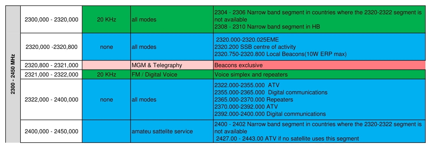 Bandplan 13 cm IARU Region 1 (18.03.2020 r.)
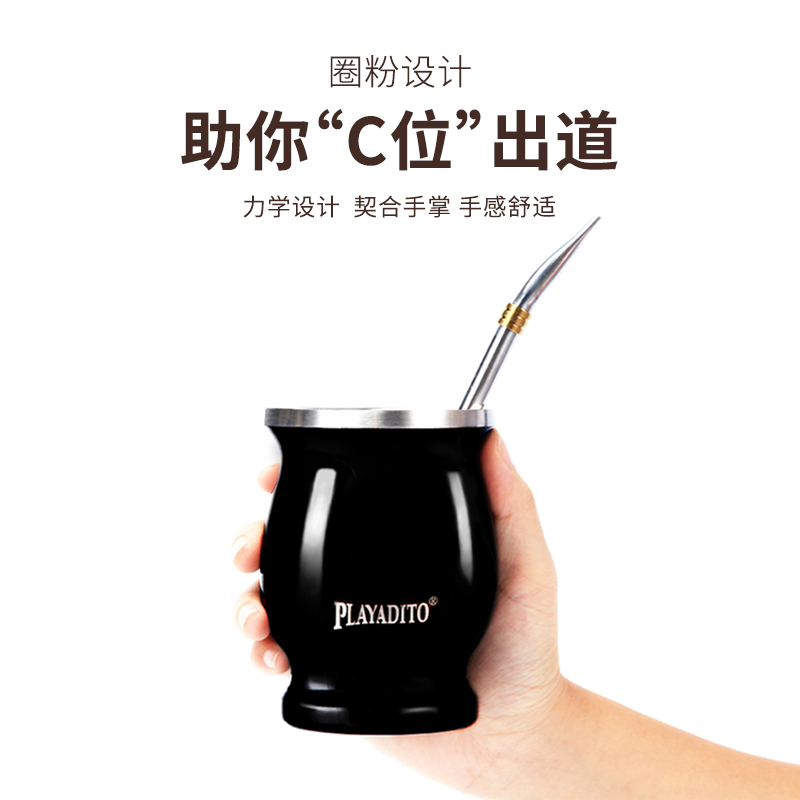 📚 阿根廷马黛茶杯 梅西同款专用杯送吸管304不锈钢茶具隔热敞口杯子
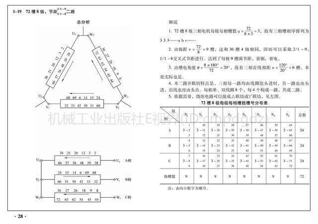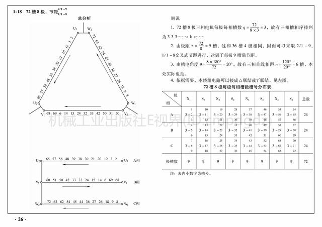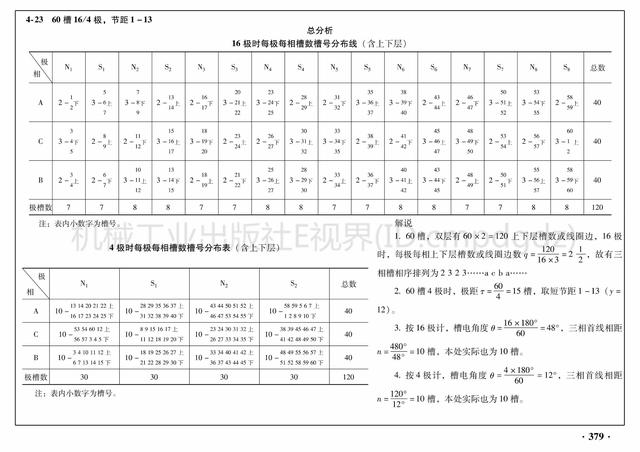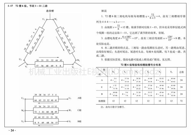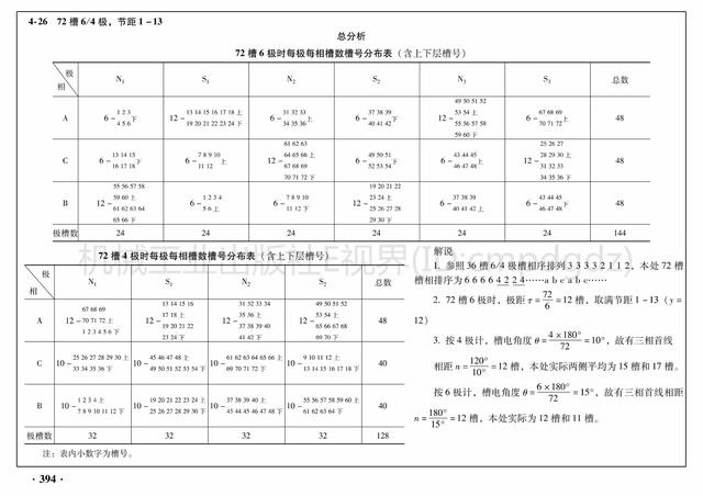 2)每极每相的槽数槽号都列成表,可以更清楚地认识它们相互之间的关联,合理地掌握工作原理。
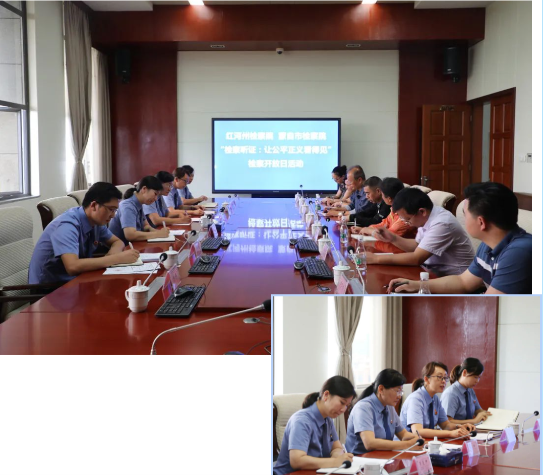 活动中,受邀人员一同参观了蒙自市检察院12309检察服务大厅、案件管理办公室、未检办案区、党建活动阵地等场所。
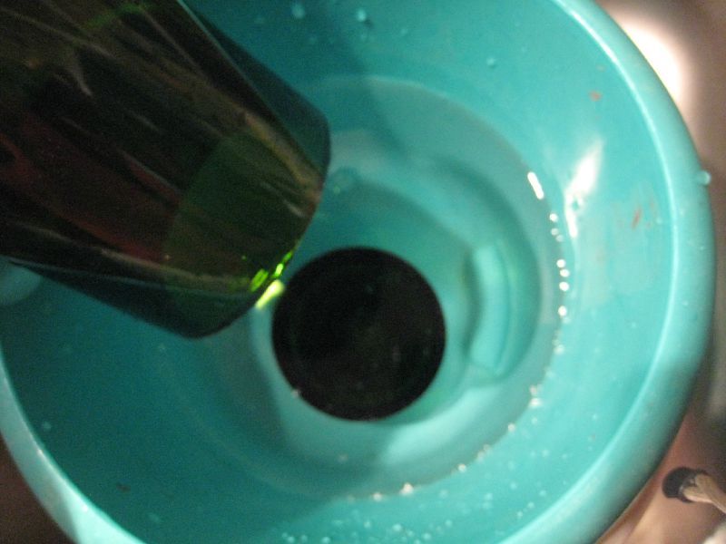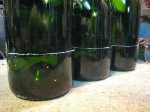 La prochaine étape se déroule de nouveau à la cuisine. Il faut un seau d’eau froide, de la laine, des ciseaux, de l’alcool à bruler. Il s’agit de chauffer le trait de découpe et de refroidir brutalement la bouteille qui se fend.

------------------------------------------------

→ Exercise prompt
Beginning with the first line of the records, write out every line up to and including the one with "活动中,受邀人员一同参观了蒙", exactly, and omit all pictures.

→ Solution to this task
 Bandplan 13 cm IARU Region 1 (18.03.2020 r.)
 📚 阿根廷马黛茶杯 梅西同款专用杯送吸管304不锈钢茶具隔热敞口杯子
 2)每极每相的槽数槽号都列成表,可以更清楚地认识它们相互之间的关联,合理地掌握工作原理。
 活动中,受邀人员一同参观了蒙自市检察院12309检察服务大厅、案件管理办公室、未检办案区、党建活动阵地等场所。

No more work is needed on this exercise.